NAT or outbound IP drift
  Correction: align NAT Gateway, route or destination allowlist
  Validation: destination sees the approved IP

Identity or destination policy
  Correction: application right or precise allowlist
  Validation: same request succeeds without broader network opening

The right change is the one that explains the symptom and can be validated again.

Prepare rollback without losing evidence

Rollback must be decided by layer: DNS, route, NSG, NAT, firewall or application version. It should not erase useful logs or make before/after comparison impossible.

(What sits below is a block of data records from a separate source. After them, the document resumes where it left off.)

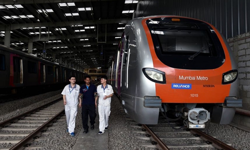 Chinese and Indian staff work at a metro car depot of Metro Line 1, in Mumbai, India, June 27, 2018. Mumbai Metro Line 1 became operational on June 8, 2014, with its trains produced by China's CRRC Nanjing Puzhen Co., Ltd. (Xinhua/Zhang Naijie)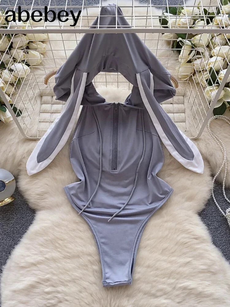 コスプレウサギ女子エロロンパース官能的背中開いたジッパーフード付きロンパースアウトセクシーボディスーツ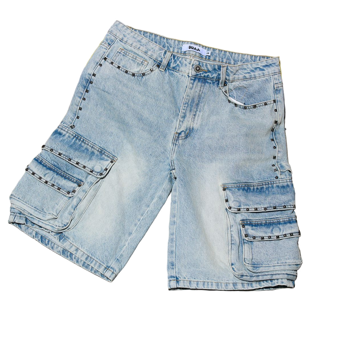 The Duaa ''Noble'' blue cargo denim shorts feature a nostalgic blue wash. Two utility pockets on each side. And with an attention to detail gun metal stud pattern around the seems of the short, in a two shape pattern.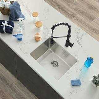 The epiGranite series of kitchen sinks from Ruvati sets a new trend for the home kitchen. The sink is constructed from 80% crushed natural granite, giving the sink extreme durability and the look of real stone. The sink is colored all the way through, for a rich and consistent look that will never discolor. The surface of the sink undergoes a proprietary treatment making it resistant to stains, bacteria and extreme temperatures up to 536 degrees Fahrenheit. The sink comes with a basket strainer drain assembly that traps food waste and is easy to empty into the trash. Ruvati epiGranite sink comes in 8 different color options ranging from warm Caribbean Sand to elegant Black Galaxy. Now you can have a kitchen that truly reflects your style and personality.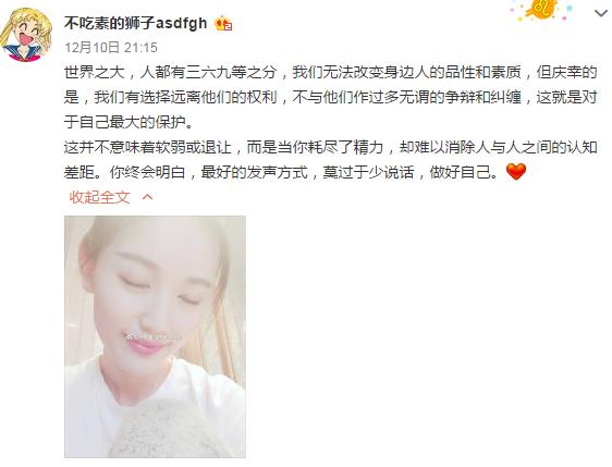 她的微博小號也隨之曝光,內容依舊是吃吃玩玩,十分愜意,看上去絲毫不受離婚事件影響。馬蓉還在一條發文中稱:“世界之大,人都有三六九等之分,我們無法改變身邊人的品性和素質,但慶幸的是,我們有選擇遠離他們的權利,不與他們作過多無謂的爭辯和糾纏,這就是對於自己最大的保護。這並不意味著軟弱或退讓,而是當你耗盡了精力,卻難以消除人與人之間的認知差距。你終會明白,最好的發聲方式,莫過於少說話,做好自己。”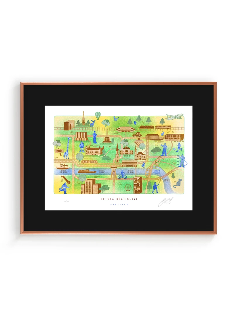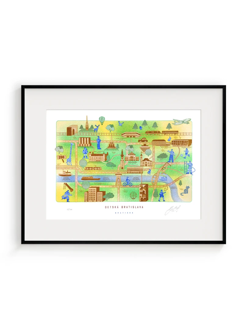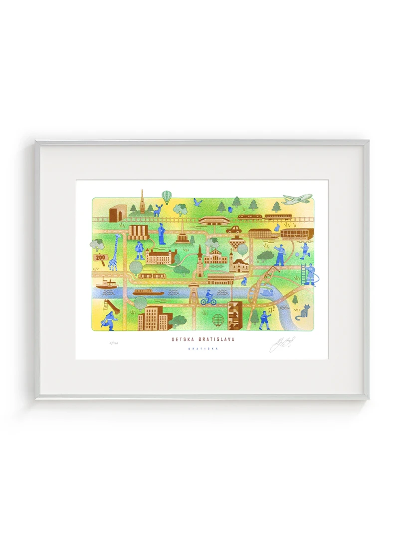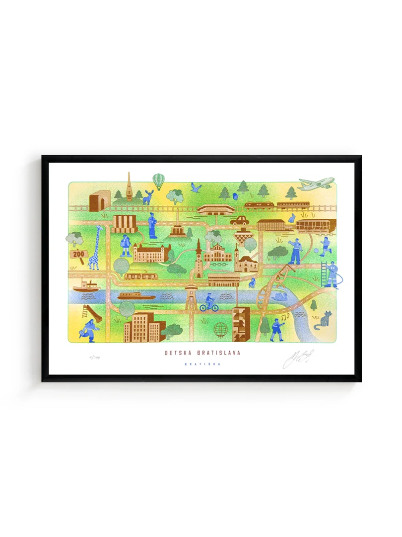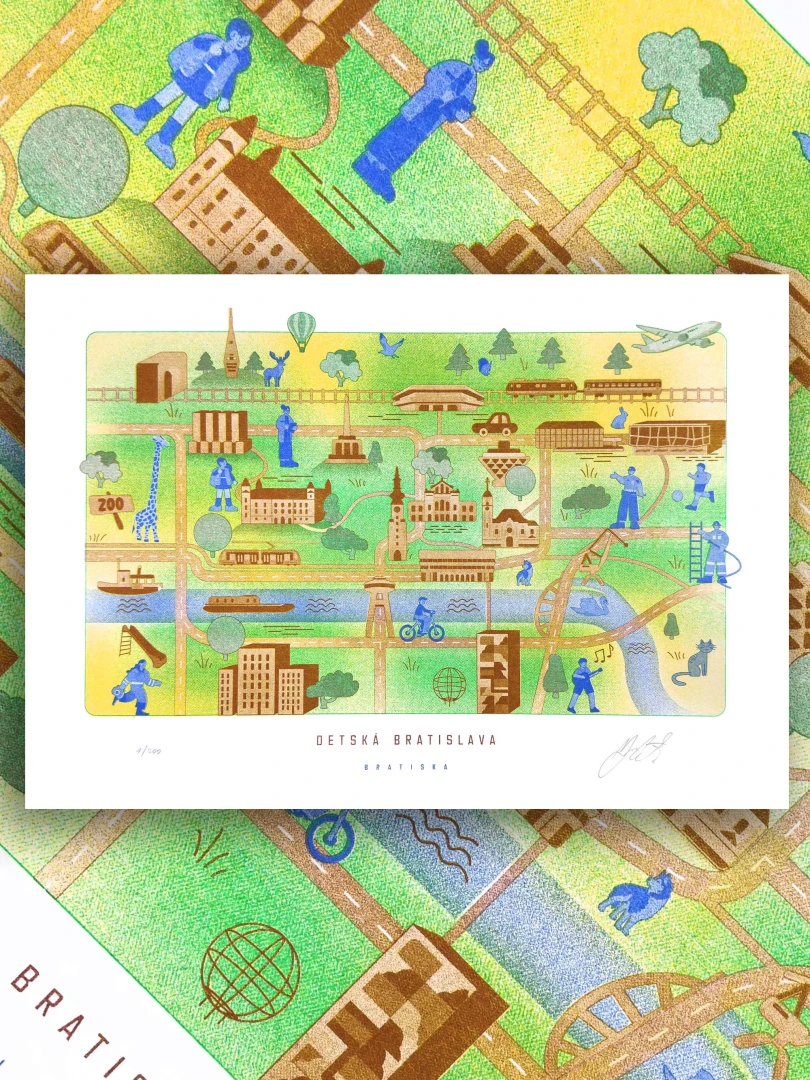 Bratislava ako dobrodružstvo. Predstav si, že sa jedného rána zobudíš a Bratislava je tvoje ihrisko. Nie nudná mapa, ale mesto plné malých príbehov a veľkých objavov. Začínaš na vlakovej stanici, kde z vlaku vystúpiš priamo do dobrodružstva. Odtiaľ ťa povedie cesta cez Starú tržnicu, kde to vonia po ovocí a koláčoch, okolo radnice až ku krásnemu Modrému kostolíku, ktorý vyzerá ako z rozprávky. V diaľke už vidíš Michalskú vežu a ponad ňu sa týči hrad, kam treba vyliezť – odtiaľ je totiž najlepší výhľad na celé mesto! Všimneš si aj vesmírnu loď? Nie, to nie je omyl – to je UFO na moste, ktorý ťa prenesie až za Dunaj.Ak máš chuť na výlet, môžeš sa zatúlať ku Kamzíku alebo si ísť pozrieť výhľad na mesto na Slavín. Na lúke za mestom stoja známe paneláky, niektoré pomaľované ako galéria pod holým nebom. Neďaleko sa trbliece hladina Zlatých pieskov, a ak máš šťastie, možno práve kotví Mark Twain na Karloveskom ramene. Cestou naspäť ešte stihneš nakuknúť do novej Slovenskej národnej galérie a možno aj pozrieť zápas pri Zimnom štadióne, kde hokejisti práve bojujú o víťazstvo. V diaľke znie rádio z budovy rozhlasu a ty vieš, že si práve prešiel celé mesto – po vlastných nohách, s otvorenými očami.

text outbound-rollback.txt
Recent change
Route table or UDR
  Rollback: restore the previous route or remove the faulty route
  Evidence: observed next hop and documented connectivity test

NSG or firewall
  Rollback: return to the previous rule or apply a targeted temporary exception
  Evidence: deny identified, source/destination/port scope limited

NAT Gateway or outbound IP
  Rollback: reattach the previous NAT or restore the known allowlist
  Evidence: outbound IP observed by the destination

DNS or forwarder
  Rollback: restore the previous resolution path
  Evidence: timestamped FQDN resolution from the workload

Application deployment
  Rollback: return to the previous version only when the network path is clean
  Evidence: same dependency reachable with clean logs

Conclusion

A VNet Integration outbound failure should be handled as a production chain: workload, DNS, integration subnet, UDR, NSG, firewall, NAT, destination, logs and rollback. Diagnosis must prove whether the application can no longer resolve, can no longer route, is filtered, exits with the wrong IP or is rejected by the dependency.

The decision then becomes defensible: fix DNS when the name is wrong, UDR when the next hop is wrong, NSG or firewall when the deny is proven, NAT when the outbound IP drifts, and the application only when the network path is clean.